Records contained in a dataset
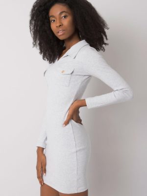 Φόρεμα σε pencil γραμμή από ύφασμα με ραβδώσεις. Φόρεμα με μακριά μανίκια και λαιμόκοψη v.
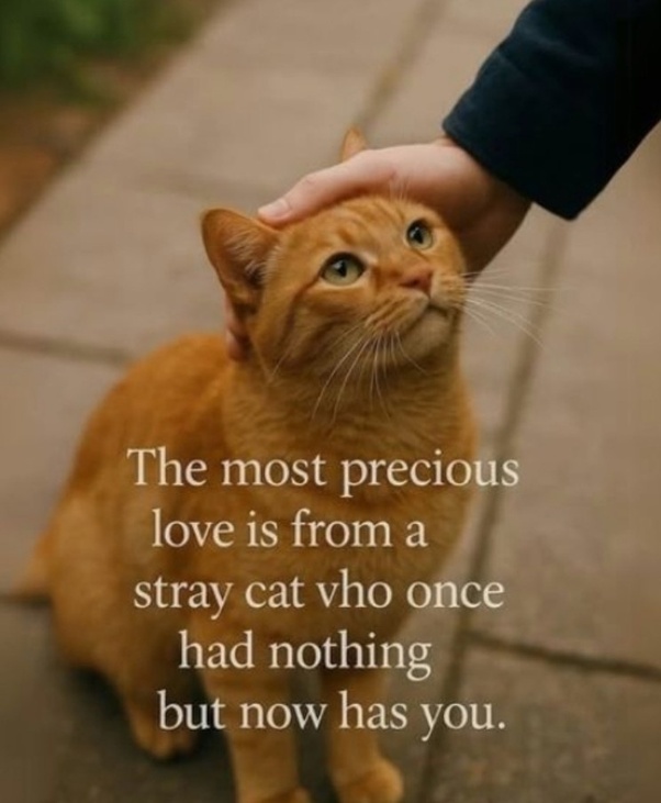 “The most precious love is from a stray cat who once had nothing but now has everything.”
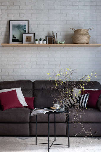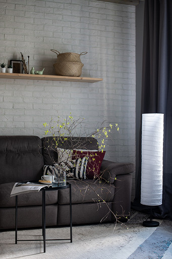 - Мебель: диван B&B, столик, стулья барные — ИКЕА
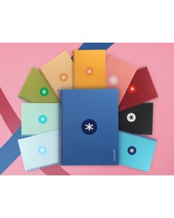 EL CUADERNO DE ALTA GAMA: EXCLUSIVO DISEÑO, CARACTERÍSTICAS INIGUALABLES, UN CUADERNO SIN PRECEDENTES QUE SE DISTINGUE POR LA SUAVIDAD Y BLANCURA DESU PAPEL, Y ADEMÁS HACE LA ESCRITURA MUY FLUIDA. TAPA DE CARTÓN ENTRECOLADO DE 1,5 MM DE ESPESOR, FORRADO A UNA CARA CON PAPEL ESTUCADO MATE EXTRASUAVE Y RESERVA DE BARNIZ UVI. GUARDA INTERIOR IMPRESA. 80 HOJAS,GRAN RESISTENCIA Y RIGIDEZ. PAPEL EXTRABLANCO DE 90 G/M², ULTRASUAVE QUE HACE LA ESCRITURA MUCHO MÁS FLUIDA. LA TINTA NO TRASPASA. AGRADABLE DISEÑOQUE COMBINA LA BANDA DE COLOR CON LA TAPA Y EL ALAMBRE. FORMATO A4. ESPIRAL NYLONIZADA DE COLORES. COIL-LOCK. EXPOSITOR DE 20 UNIDADES, IDEAL PARA LA PRESENTACIÓN EN EL PUNTO DE VENTA.
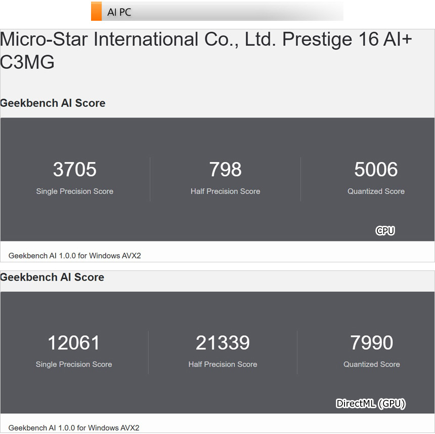 AI 전용 벤치마크 툴을 이용해 AI 성능 테스트를 진행하고 있는 모습으로 인텔 아크 B390 내장그래픽을 지원하는 최상급 CPU 탑재 모델답게 스코어가 대단히 높은 것을 확인할 수 있었다. (GPU 스코어는 보급형 노트북을 압도하는 수준이다.)
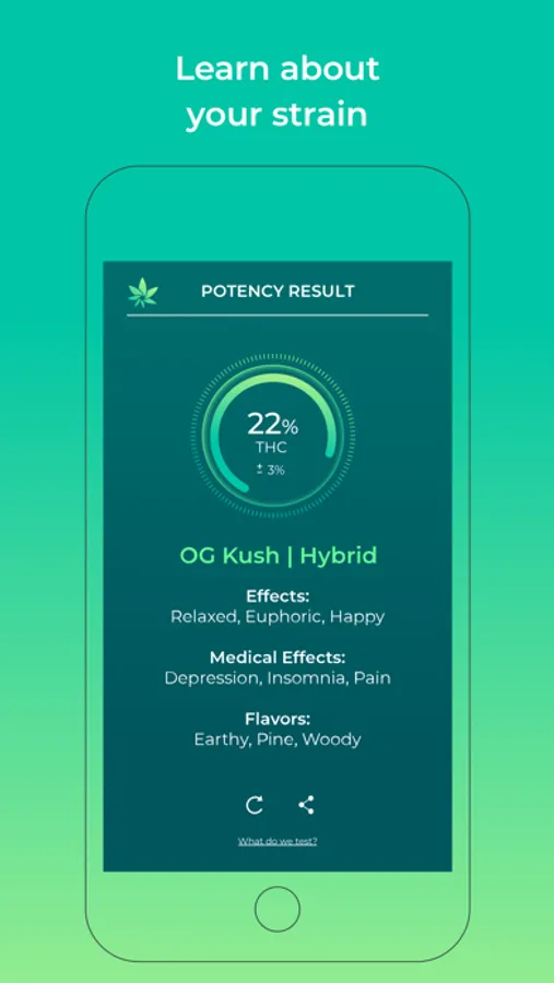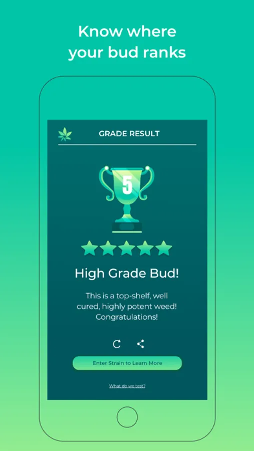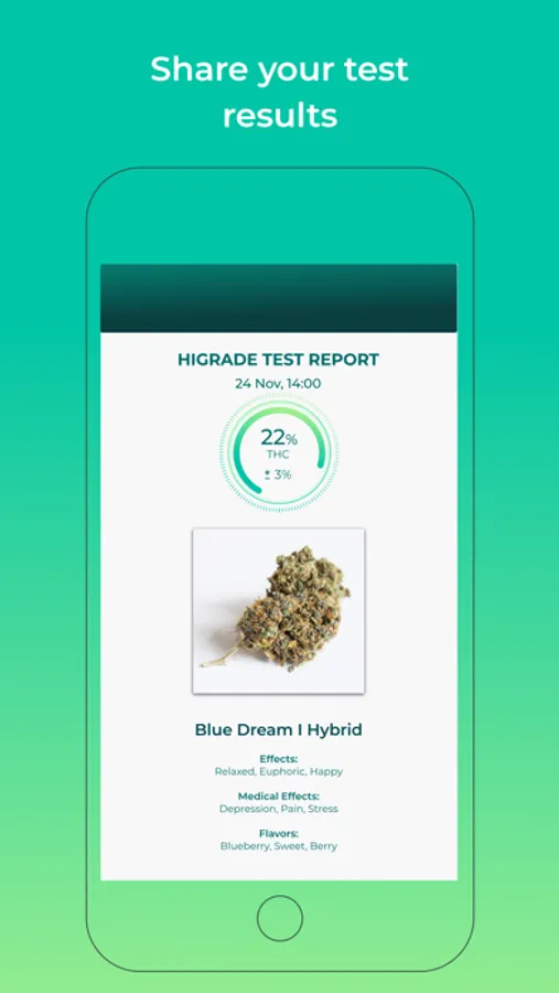 Instantly test the quality of your cannabis flowers straight from your phone. Three photos are all you need to get a real insight into the health and quality of your bud. No lab equipment is necessary! Analyze your plant’s quality and %THC by harnessing the power of artificial intelligence and HiGrade’s proprietary testing algorithms. Turn your camera phone into an accurate, portable testing station so you can better understand the product in front of you.
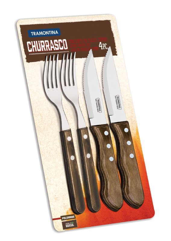Grilování je oblíbenou kratochvílí po celém světě. Brazilská firma Tramontina nabízí 4-dílné příbory z kvalitních materiálů, takže šťavnaté grilované jídlo lze také stylově krájet. Extrémně tvrdá čepel vyrobená z nerezové oceli (AISI 420, odpovídá DIN 1.4028) zaujme svojí dlouhou hranou. Rukojeti nože i vidličky jsou vyrobeny ze speciálního dřeva. Toto dřevo, vyrobené z několika vrstev borovicového dřeva impregnovaného a lisovaného pryskyřicí, je mimořádně odolné, odolné vůči nárazům, necitlivé na teplotu a bezpečné do myčky. I po častém používání vypadá sada příborů na grilování elegantní a nová.
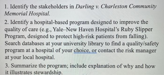 Solved 1 Identify The Stakeholders In Darling V Charleston Chegg Com
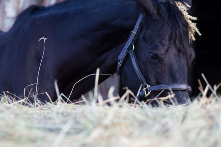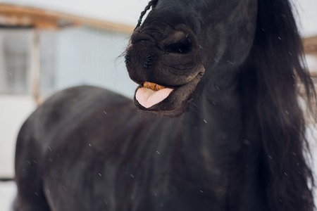 Beautiful black horse portrait on a dark background. Animal portrait.

DIRECTIONS FOR THIS TASK
Please give again the entries word for word, starting at the first line and ending with the line that contains "Instantly test the"; include both of those lines but none of the pictures.

RESULT OF THIS EXERCISE
 Φόρεμα σε pencil γραμμή από ύφασμα με ραβδώσεις. Φόρεμα με μακριά μανίκια και λαιμόκοψη v.
 “The most precious love is from a stray cat who once had nothing but now has everything.”
 - Мебель: диван B&B, столик, стулья барные — ИКЕА
 EL CUADERNO DE ALTA GAMA: EXCLUSIVO DISEÑO, CARACTERÍSTICAS INIGUALABLES, UN CUADERNO SIN PRECEDENTES QUE SE DISTINGUE POR LA SUAVIDAD Y BLANCURA DESU PAPEL, Y ADEMÁS HACE LA ESCRITURA MUY FLUIDA. TAPA DE CARTÓN ENTRECOLADO DE 1,5 MM DE ESPESOR, FORRADO A UNA CARA CON PAPEL ESTUCADO MATE EXTRASUAVE Y RESERVA DE BARNIZ UVI. GUARDA INTERIOR IMPRESA. 80 HOJAS,GRAN RESISTENCIA Y RIGIDEZ. PAPEL EXTRABLANCO DE 90 G/M², ULTRASUAVE QUE HACE LA ESCRITURA MUCHO MÁS FLUIDA. LA TINTA NO TRASPASA. AGRADABLE DISEÑOQUE COMBINA LA BANDA DE COLOR CON LA TAPA Y EL ALAMBRE. FORMATO A4. ESPIRAL NYLONIZADA DE COLORES. COIL-LOCK. EXPOSITOR DE 20 UNIDADES, IDEAL PARA LA PRESENTACIÓN EN EL PUNTO DE VENTA.
 AI 전용 벤치마크 툴을 이용해 AI 성능 테스트를 진행하고 있는 모습으로 인텔 아크 B390 내장그래픽을 지원하는 최상급 CPU 탑재 모델답게 스코어가 대단히 높은 것을 확인할 수 있었다. (GPU 스코어는 보급형 노트북을 압도하는 수준이다.)
 Instantly test the quality of your cannabis flowers straight from your phone. Three photos are all you need to get a real insight into the health and quality of your bud. No lab equipment is necessary! Analyze your plant’s quality and %THC by harnessing the power of artificial intelligence and HiGrade’s proprietary testing algorithms. Turn your camera phone into an accurate, portable testing station so you can better understand the product in front of you.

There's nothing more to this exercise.